How to never repeat a routine at the same venue again

There’s a specific cold sweat that only working performers know: you’re three minutes into a routine when a face in the front row lights up with recognition — they’ve seen this before. Same client, same bit. You’re not surprising them; you’re reminding them.

Repeating material for a client who’s already seen it is one of the quietest ways to dent a great reputation. The act was fine. But “they did the exact same show” is what the booker remembers, and it’s the difference between a third booking and a polite pass.

It’s also completely avoidable.

Why it happens to good performers

It’s not laziness — it’s memory. You have a handful of strong, reliable pieces, so you reach for them. By the time a client re-books a year or two later, you genuinely can’t remember which of your bankers you used last time. So you default to your best stuff… which is exactly what they already saw.
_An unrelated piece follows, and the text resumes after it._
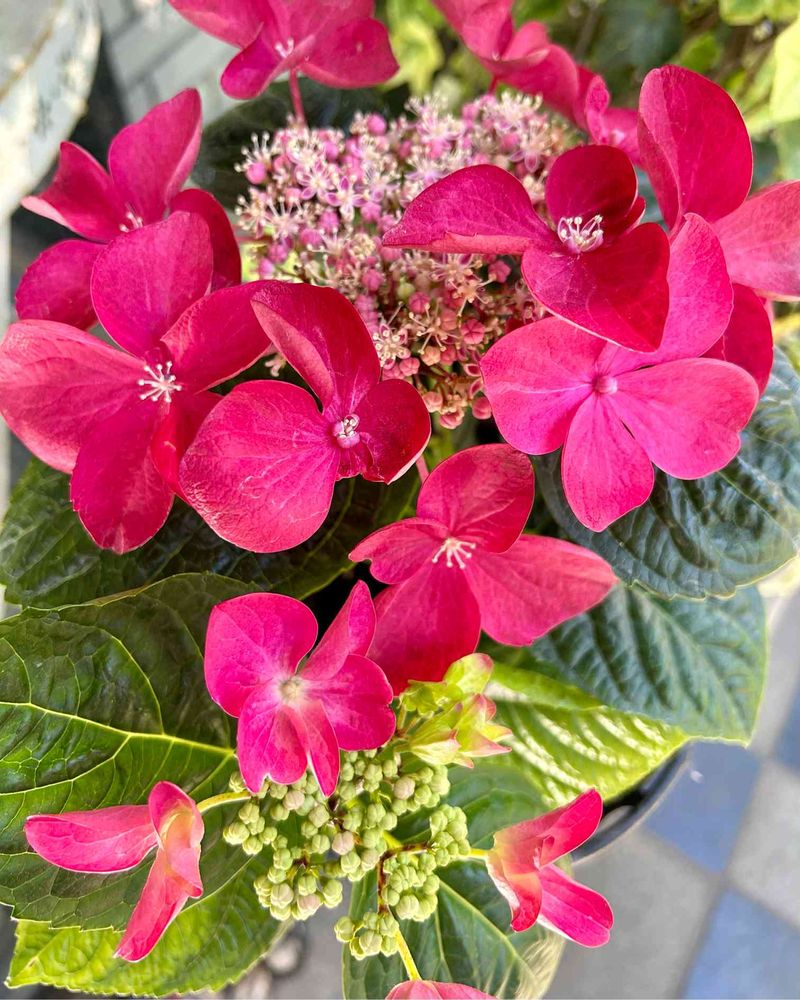 濃いピンク🎀のガクアジサイ。
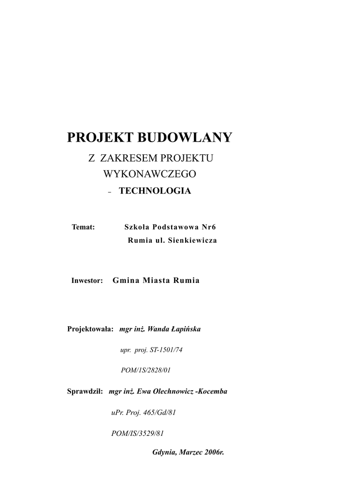 PROJEKT BUDOWLANY Z ZAKRESEM PROJEKTU WYKONAWCZEGO – Temat: TECHNOLOGIA Szkoła Podstawowa Nr6 Rumia ul. Sienkiewicza Inwestor: Gmina Miasta Rumia Projektowała: mgr inż. Wanda Łapińska upr. proj. ST-1501/74 POM/1S/2828/01 Sprawdził: mgr inż. Ewa Olechnowicz -Kocemba uPr. Proj. 465/Gd/81 POM/IS/3529/81 Gdynia, Marzec 2006r. CZĘŚĆ INSTALACYJNA TECHNOLOGIA ZAWARTOŚĆ OPRACOWANIA 1 CZĘŚĆ OPISOWA: OPIS TECHNICZY I BIOS 2 CZĘŚĆ GRAFICZNA RZUT PIWNICY TECHNOLOGIA KUCHNI rys T-1 RZUT PARTERU TECHNOLOGIA KUCHNI rys T-2 Opis techniczny do projektu technologii stołówki w Szkole Podstawowej Rumia 1,0 Podstawa opracowania – umowa zlecenie – projekt architektoniczny – normy 2,0 Zakres opracowania Dokumentacja obejmuje projekt technologii kuchni wraz zapleczem gastronomicznym. 3,0 Dane ogólne 3,1 Stan istniejący W istniejącym budynek szkoły zostaje modernizowana kuchnia wraz z zapleczem gastronomicznym. Istniejąca stołówka zajmuje pomieszczenia na poziomie parteru, i piwnicy. W piwnicy pomieszczenia socjalne i magazyny przygotowalnia brudna, na parterze kuchnia gorąca zmywalnia. Budynek wyposażony we wszystkie instalacje. 3,2 Projektowe rozwiązanie Proponuje sie umieszczenia kuchni gorącej wraz z zaplecze w piwnicy budynku. Na parterze wydawalnia i zmywalnia. Do kuchni przewidziano dwa wejścia: wejście personelu dostawa towaru Dojazd terenem utwardzonym. Kuchnia wydawać będzie posiłki dla 300 uczniów. Przygotowanie posiłków w przygotowalniach w piwnicy, oraz częściowa obróbka termiczna (gotowanie zup, warzyw, makaronów itd.) na parterze wydawalnia, podgrzew potraw. Gotowe potrawy na parter dostarczane windą potrawową. 4,0 Kuchnia 4,1 dostawa towaru Kuchnia zaopatrywana będzie przez dostawców surowców i półproduktów. Dostawa towaru do magazynów: magazyn produktów suchych magazyn zasobów magazyn -chłodnia Warzywa i ziemniaki przechowywane na ruszcie w przygotowalni brudnej. Ziemniaki w workach warzywa w kontenerach. W magazynach składowane są odpowiednio surowce w miarę potrzeb pobierania i uzupełniane. Mięso i produkty „szybkiego psucia” przechowywane w chłodniach. Jajka przechowywane w lodówce w pomieszczeniu obieralni brudnej. 4,2 Przygotowalnie Warzywa dostarczane do przygotowalni brudnej gdzie poddawane będą obróbce wstępnej, a następnie czyste do przygotowalni czystej. Jajka w przygotowalni brudnej naświetlane, po dezynfekcji dostarczane do kuchni do wydzielonej przygotowalni. Przewidziano przygotowalnie- stanowiska mięsa, mączna Czyste warzywa windą na parter gdzie przygotowywane będą kanapki. 4,3 Obróbka termiczna Obróbka termiczna potraw: gotowanie, pieczenie, smażenie odbywać sie będzie w kuchni. Do przygotowania zup, kasz, ziemniaków, przeznaczone kotły warzelne. Gotowanie duszenie potraw mięsnych na trzonach kuchennych, smażenie na patelniach lub płytach do smażenia bezpośredniego. Pieczenie mięsa, drobiu w piekarnikach przy kuchniach. Przygotowywania sosów na trzonach kuchennych. Dla smażenia naleśników specjalna naleśnikarka. 4,4 Wydawanie posiłków Wydawanie posiłków na stanowisku wydawalni - parter. Gotowe potrawy dostarczane windą do wydawalni - nakładane do bemarów elektrycznych w których utrzymywana będzie odpowiednia temperatura. Kociołek z zupą ustawiany na taborecie gazowym dla utrzymania temperatury. 4,5 zmywanie naczyń kuchennych W kuchni wydzielono stanowiska mycia naczyń kuchennych. Mycie naczyń w w basenie suszenie na półce ociekowej. Pojemniki (gary) w których dostarczane są gotowe posiłki z piwnicy na parter myte będą na wydzielonym stanowisku. 4,6 Zmywalnia naczyń stołowych. Naczynia podawane poprzez okienko podawcze jadalni. Zmywalnia naczyń stołowych wyposażona w stół z otworem na odpadki do wstępnego oczyszczania naczyń z resztek pokarmów. Maszyna do mycia naczyń z wyparzaczem i zlewem jednokomorowym wyposażonym w natrysk do spłukiwania naczyń przed włożeniem do maszyny. Zlew w zmywalni wyposażony w młynek koloidalny. Umyte naczynia do kuchni podawane są przez szafę przelotową. 5,0 pomieszczenia socjalnego Zatrudnienie : kucharka 1 pomoc kucharska 1„ w zmywalni 1 „ wydawalnia „ 1 „ Dla pracowników zaprojektowano pomieszczenia zaplecza socjalnego Przyjęto personel kobiecy, Szatnie z łazienką: o powierzchni 10,47 m2 na 4 osoby Do szatni- jadalnia przylegają łazienki. Szatna wyposażony w szafki, zlew oraz dzbanek elektryczny. Szafki na odzież wierzchnią, pracownicy dostają po trzy komplety odzieży roboczej i dodatek na środki pralnicze. Do pracy przynoszą czystą odzież roboczą a brudną po pracy zabierają z sobą. W łazienkach przy natryskach przewidzieć wieszak na odzież, nad umywalkami zamontować lustra, pojemniki na mydło w płynie, wieszaki na ręczniki. Ręczniki jednorazowego użytku w umywalniach. Pomieszczenie porządkowe z basenem umieszczonym na wysokości 0,5m od posadzki. 6,0 WYTYCZNE BUDOWLANO - INSTALACYJNE 6.1Wymagania konstrukcyjne -Konstrukcja ścian i stropów powinna uniemożliwiać kondensowanie się na nich pary. 6,2Wymagania dotyczące wykończenia wnętrz. -Ściany i sufity wszystkich pomieszczeń powinny mieć gładką powierzchnię. -W pomieszczenia kuchni i sanitarne powinny mieć ściany do wysokości 2 m dostosowane do zmywania wodą, nienasiąkliwe i odporne na wilgoć. Pozostałe fragmenty ścian oraz sufitów bielone. -Drzwi powinny być gładkie, odporne na wilgoć i przystosowane do zmywania wodą, obite blacha na wysokość 30 cm od podłogi. - Okna z konstrukcja umożliwiająca wietrzenie. Gładkie szczelne dostosowane do zmywania wodą i umożliwiające założenie ram z siatką chroniącą przed przedostaniem się owadów i gryzoni. -Podłoga w sali konsumpcyjnej powinna być gładka, nieścieralna, nieśliska, wykonana z materiału będącego złym przewodnikiem ciepła i łatwa do utrzymania w czystości. W pomieszczeniu kuchni podłoga powinna być nieścieralna, nie

The more you gig, and the more repeat clients you earn, the worse the odds get. Success makes this problem more likely, not less.

The fix: track what you did, for whom

You can’t rely on memory, so don’t. The fix is a record of which routines you performed for which client and venue. Get that, and the problem disappears — when a booking comes in, you check what they’ve already seen and build around it.

Two things make this work:

  • Log your set every time (it’s the first line of the post-show debrief) — the actual pieces you performed, attached to that client.
  • Check before you build the next set for them. Pull up their history, see what’s been used, and deliberately go fresh.

This is really just tracking your gigs with one extra discipline: capturing the set, not only the date and fee.

Make “fresh” easy to deliver

The catch: if going fresh means scrapping your reliable material, you won’t do it under pressure. So build a deeper bench. Keep more pieces than you need for any one slot, and rotate. A bigger routine library means a return client gets a genuinely different show without you having to invent something new the week of the gig — and it pairs perfectly with timing a set to the slot, since you’re swapping known-length pieces in and out.

Where a tool earns its keep

A spreadsheet can hold which set you did for whom — our free Working Performer’s Gig Tracker has a Clients tab for exactly this. What a spreadsheet can’t do is warn you in the moment. You still have to remember to look, cross-reference the right client, and read carefully — easy to skip when you’re building a set at 11pm.

This is the single feature we most wanted when we built TrouperList: when you add a routine to a set for a client who’s already seen it, it flags the repeat right there in the picker. No looking up, no cross-referencing — the warning finds you. (It’s the kind of thing a spreadsheet just can’t do.)

Surprise the audience, not yourself. Every return booking should feel like a new show — because to them, it is.